> **To do**: Write out word for word the lines from the one holding "2、下滑可以查看并新建相冊,開放相冊或者加密相冊。" through the end of the data, and only those lines. Pictures stay out.

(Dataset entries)
___

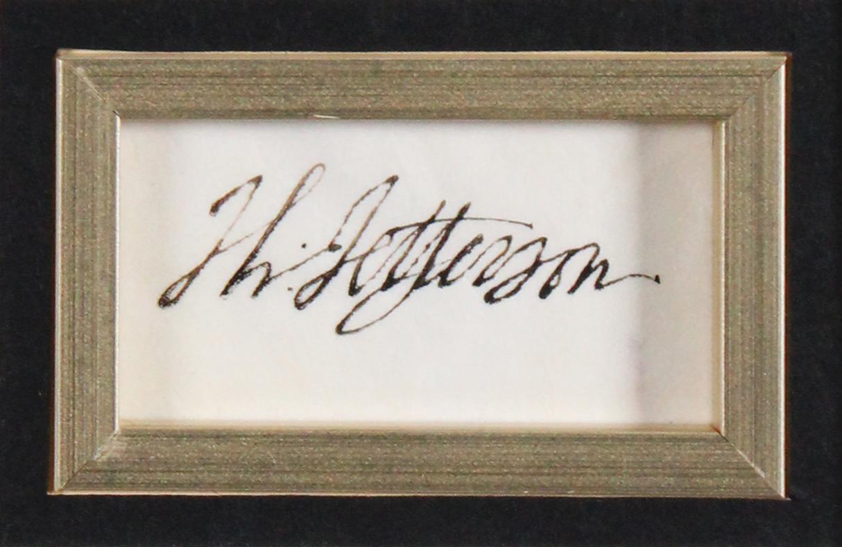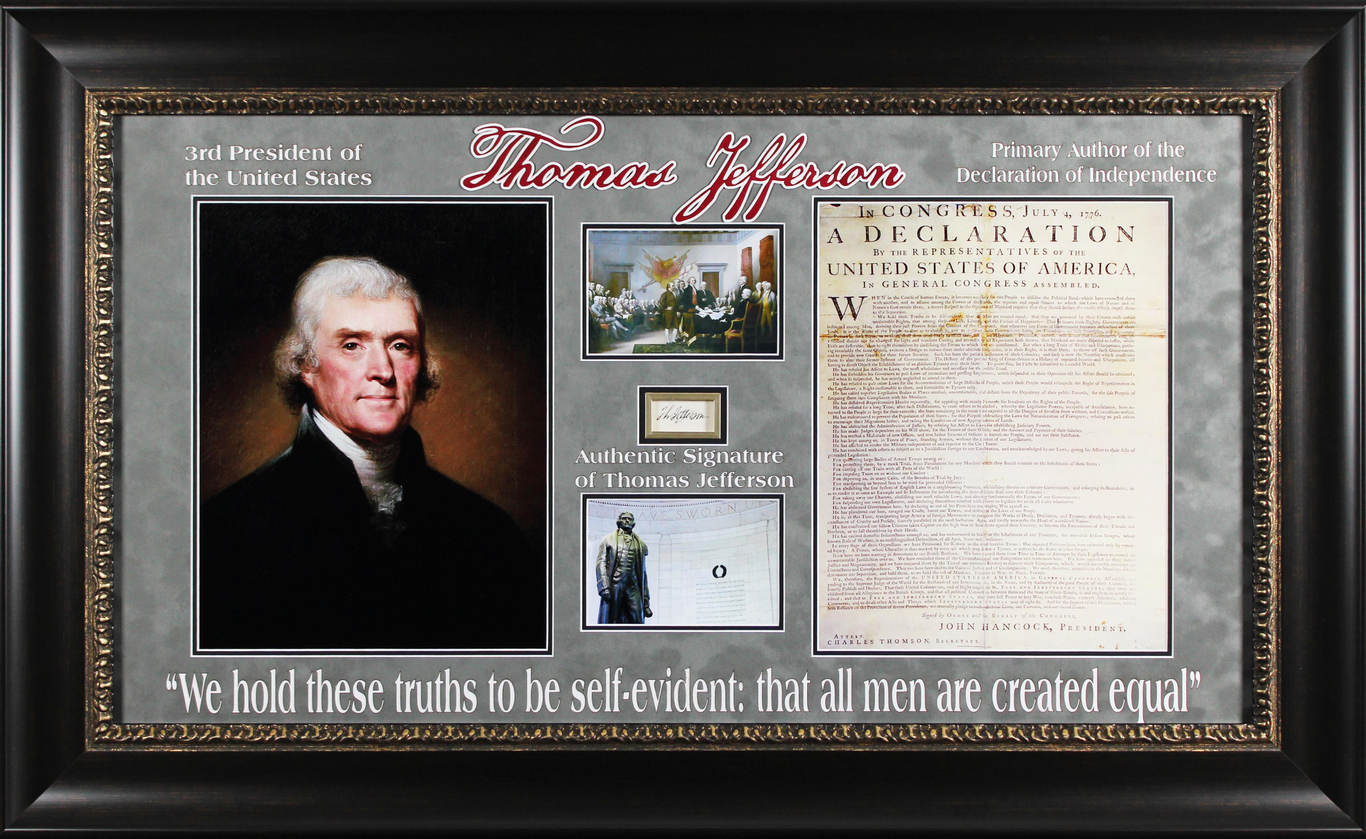 Custom frame measures 25.5" x 41.5” in size and features a cut that has been hand-signed by Thomas Jefferson (D. 1826).
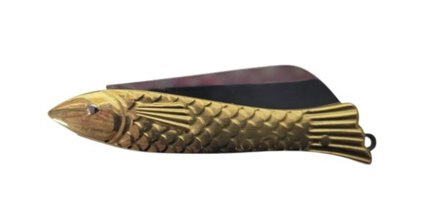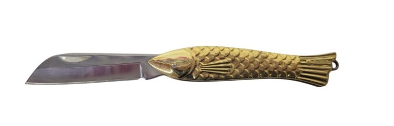 Nôž zatvárací tradičná Rybička zlatá 14/8cm .Vreckový nožík nemôže chýbať žiadnemu dospievajúcemu chlapcovi .Nôž je celokovový z nerezovej ocele ,rukoväť v tvare rybky peknej zlatej farbe. Na chvoste rybky je očko na zavesenie ako prívesok.Tradícia Československa.
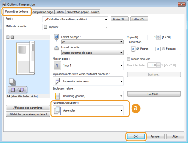 Lorsque vous imprimez des copies d'un document de plusieurs pages, sélectionnez [Assembler] pour imprimer le document entier dans l'ordre des pages. Cette fonction est très utile pour préparer des documents à distribuer pour les réunions ou présentations.
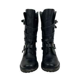 Steve Madden Banddit boots in black. These mid calf moto biker boots are made of luxe pebbled leather and feature edgy silver buckle and wrap around strap detail and a slight stacked heel with classic rounded toes. Pull on styling perfect to add a boho biker vibe to your everyday outfit! Approximately 1.45" heel, 9.5" shaft heel. Crafted in Mexico of full leather with rubber soles for durability. Women's US 7. Excellent used condition.
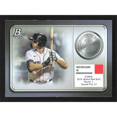 This is a 2022 Bowman Platinum Minted in Merit Triston Casas baseball card. The card is #MM-7 and pictures show condition.
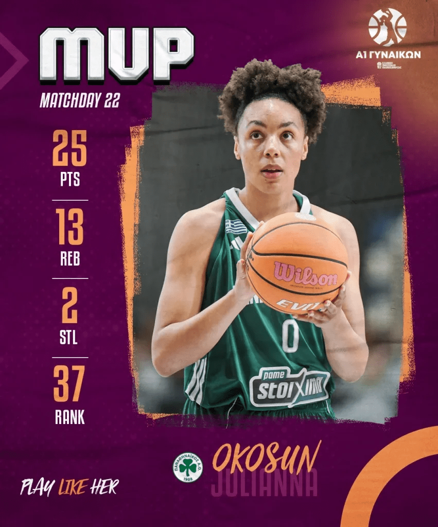 Η Τζουλιάνα Οκοσούν στην νίκη του Παναθηναϊκού με 88-60 απέναντι στον Πανσερραϊκό είχε 25 πόντους, 13 ριμπάουντ, 2 κλεψίματα και 37 στο σύστημα αξιολόγησης μετά από 21’51’’συμμετοχής.
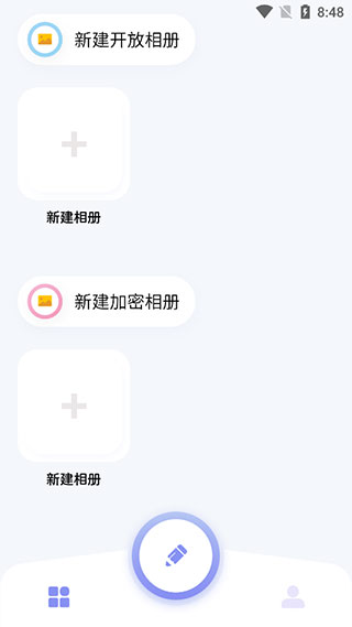 2、下滑可以查看并新建相冊,開放相冊或者加密相冊。
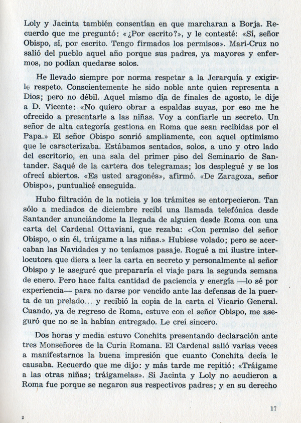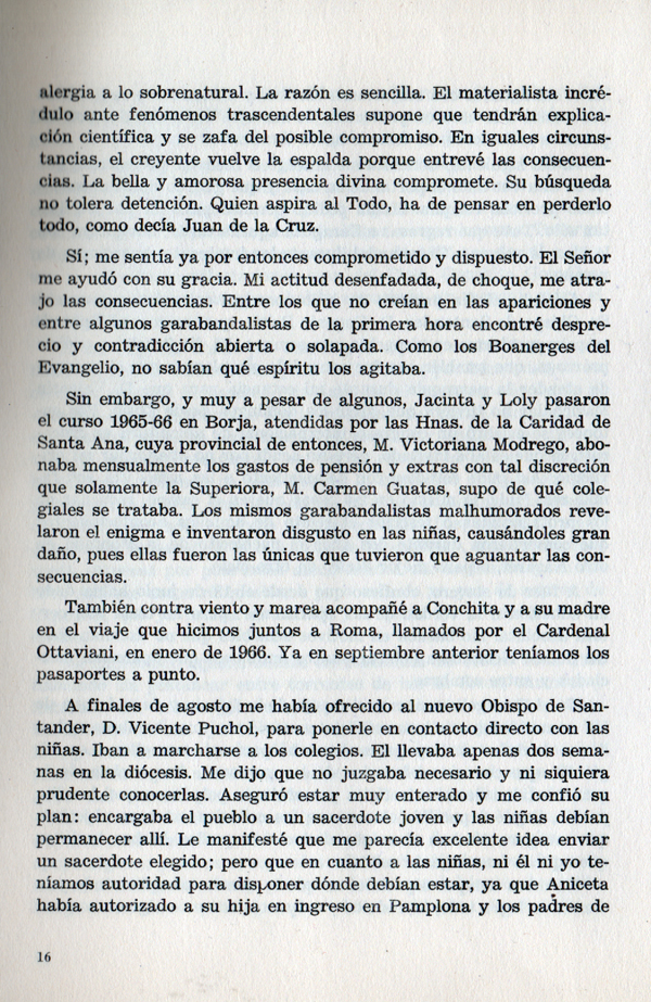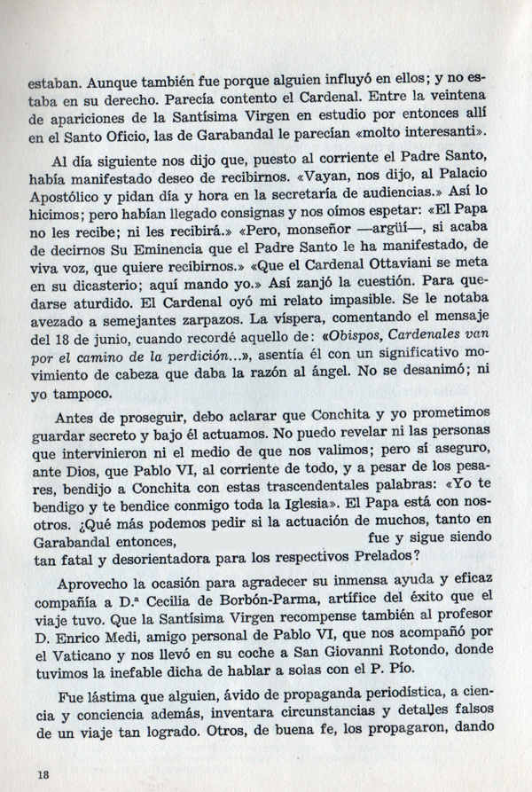 Luego relata el encuentro privado y las palabras de Bendición del Papa Pablo VI para Conchita (“Yo te bendigo y te bendice conmigo toda la Iglesia”) y la visita con Conchita al encuentro privado con el Padre Pío en San Giovanni Rotando.

___

> **Solution below**:
 2、下滑可以查看并新建相冊,開放相冊或者加密相冊。
 Luego relata el encuentro privado y las palabras de Bendición del Papa Pablo VI para Conchita (“Yo te bendigo y te bendice conmigo toda la Iglesia”) y la visita con Conchita al encuentro privado con el Padre Pío en San Giovanni Rotando.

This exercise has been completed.